Now munch on 100 calories of chicken (not the fried kind, or the kind smothered in buttery cheesy sauce) just real, a whole chicken.  How are you feeling?  Completely full?  Satiated?  Ready to take on the world?  Most likely.  Chicken is made up of protein, its high in protein. The protein in the chicken helps your body feel full right away, and you’ll feel full longer.

Honestly, think about it.  How much chicken could you possibly eat before you felt like you were going to explode?  Not enough to ruin your overall caloric intake.  But with those sneaky Cheetos, you can pack down hundreds of calories at a time and never actually feel full.  The same goes for fruits and veggies which contain high amounts of water and fiber, both of which make you feel satiated.

You also have to realize that 100 calories of Cheetos contain literally zero nutrients. Okay, check the label maybe there’s 1 or 2 percent here and there of a vitamin, but nothing significant.
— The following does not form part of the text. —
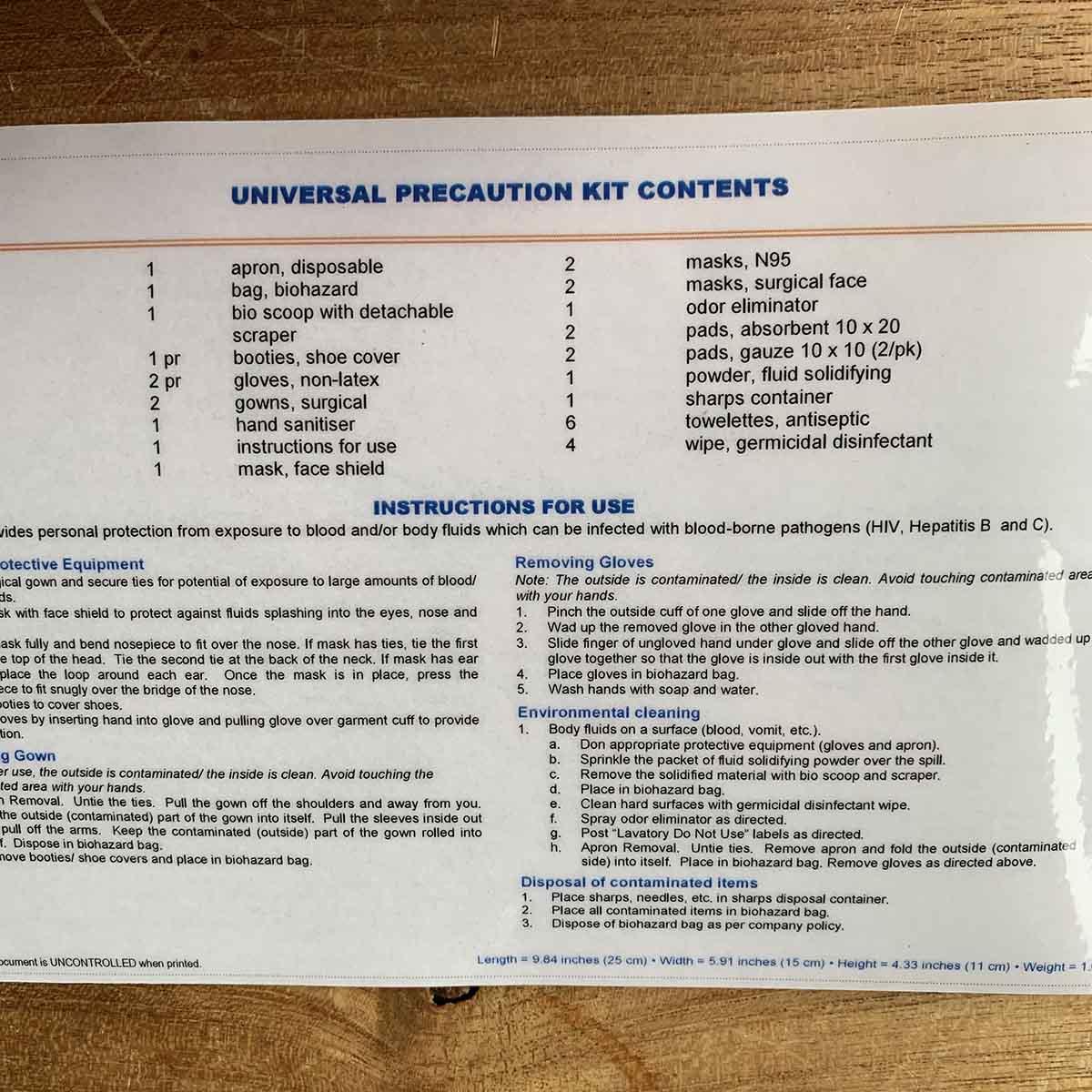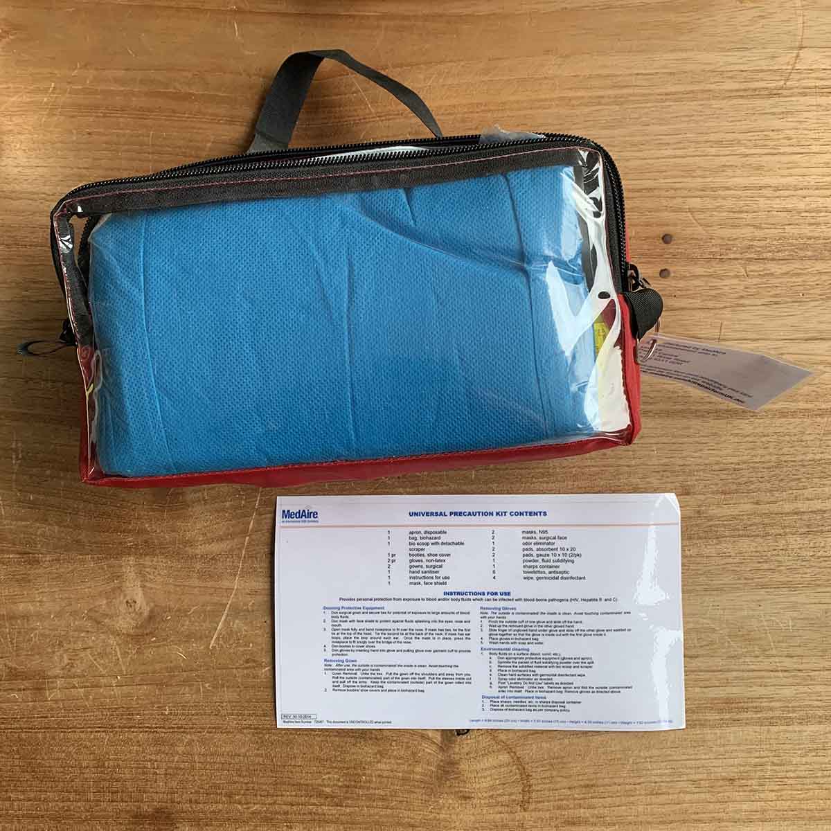 Original MedAire universal precaution kit. Kit includes masks, gloves, shoe covers, odor eliminator and many others items.

Healthy foods, lean proteins, fruits and veggies, all have nutrients that improve your body’s overall function, help your body to work more efficiently, and protect against things like free-radicals that can lead to cancer.

But What About That Twinkie Guy?
Now maybe you’re seeing the value of eating “good” calories versus sugary, processed, empty ones.  Or maybe you’ve seen this article about Mark Haub.  Mark is a professor at Kansas State University that decided to put this theory to the test.  He lived off a strict 1,800 calorie a day diet consisting mostly of Twinkies.  He also enjoyed other standard snacks, cakes, and junk foods, for variety (great variety hey?!).

At the end of the experiment he had lost 4 points off his BMI, his cholesterol levels went down and he lost weight.  WTF? Lots of traditionalists point to this and say “Look!  Look here, all calories are equal! Stop challenging the status quo!”  And believe me, it’s tempting, I mean, I have a severe sweet tooth and I would gladly adopt a Twinkie diet if this really was the be-all-end-all study of the universe.

But you have to keep in mind that even though his experimental diet contained junk foods, he was only eating 1800 calories a day, no questions asked.  And before the experiment, he was averaging 2600 a day.  So he cut his calories in HALF.  And most scientists would agree (the smart ones anyway) that anyone cutting calories so drastically will lose weight.  Meaning that this study doesn’t prove anything having to do with the types of calories because the overall reduction in calorie intake was so great that there is no way to tell if the quality of the food had any effect, or just the fact that he was eating way less than before.

So Abraham Lincoln Was Wrong
So in conclusion, not all men… I mean calories, were created equal.  And that’s really what it all comes down to.  Diets rich in lean, healthy proteins, fruits, and veggies leave you feeling full and satisfied.  You’ll feel fuller for longer.  You get more nutrients.  You have more energy so you’re less likely to reach for that chocolate bar to pep you up mid-day.  When you’re constantly eating junk food, you’re not nourishing your body and you always feel like you want more, which leads to overeating.  So reach for protein-rich, fiber-rich foods and you’ll instantly boost your diet and cut calories without actually counting.

So conclusion, we believe that calories are used as a universal scale for all foods which does come in handy to compare how calorie dense each food it to another. What’s more important to look at with calories, especially when trying to lose weight, is that by eating 100 calories of carbs, this will not result in the same body as someone who eats 100 calories of protein. Eating the right types of calories influences the body type that you desire. The most important point you can take away from this is that you shouldn’t just look at the back of the package for ‘calories per serving’, look at what makes up each calorie, whether its proteins, carbs or fats, that is really where the secret lies.